WinRT is part of the OS and it seems to be a separated
way one must believe in but part of several Windows
operating systems. WinRT is not finished. I don't have
a current status ...
We have Prism that allows to develop Metro and WinRT.
Maybe we should wait and see.
Comment by Michael Thuma on August 23, 18:32
Delphi and WinRT or Windows 8 Dirty Little Secret
What's the point? XE3 is still a half baked solution
and I doubt apps you make with it will pass the app
store's guidelines. Will EMB drop this like they did
with their ios from XE2? I've been burned enough with
their decision making and it was a costly exercise.
Comment by Al on November 26, 13:35
Delphi and WinRT or Windows 8 Dirty Little Secret
Al,
XE3 has no support for WinRT, so you cannot have a Windows store
application, and no one is implying that. iOS hasn't been dropped, but
extended and revamped and this was in the plans since the beginning...
-Marco
Comment by Marco Cantu
[http://www.marcocantu.com]
on November 28, 11:07
Delphi and WinRT or Windows 8 Dirty Little Secret
I have several projects running successfully with
Delphi 5 on Windows 8 - one of these projects
compiles 62k lines - no issues. I've amended the
install to Program Files\Borland...... and not (x86)

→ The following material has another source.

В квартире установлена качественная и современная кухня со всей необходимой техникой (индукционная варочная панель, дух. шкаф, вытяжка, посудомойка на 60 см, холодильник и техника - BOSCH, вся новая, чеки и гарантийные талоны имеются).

as prompted on install. Run in XP mode as
Administrator gives me A1 functionality.
Comment by JOHN H on August 12, 06:14
There are currently 0 pending (unapproved) messages.
Marco Cantu ( August 23, 2012 at 9:02 am)
"If Microsoft cannot relax the restrictions, so why is it letting Visual C++ developers use those “forbidden” APIs? The issue at stake is that Visual C++ and C++Builder (or Delphi) should have the same rights! More or less like Internet Explorer and Chrome…"
David Heffernan ( August 23, 2012 at 9:41 am):
"VC++ devs can’t use the forbidden apps either. But the VC++ runtime can. At the moment Emba’s runtime cannot call them. That’s the iniquity."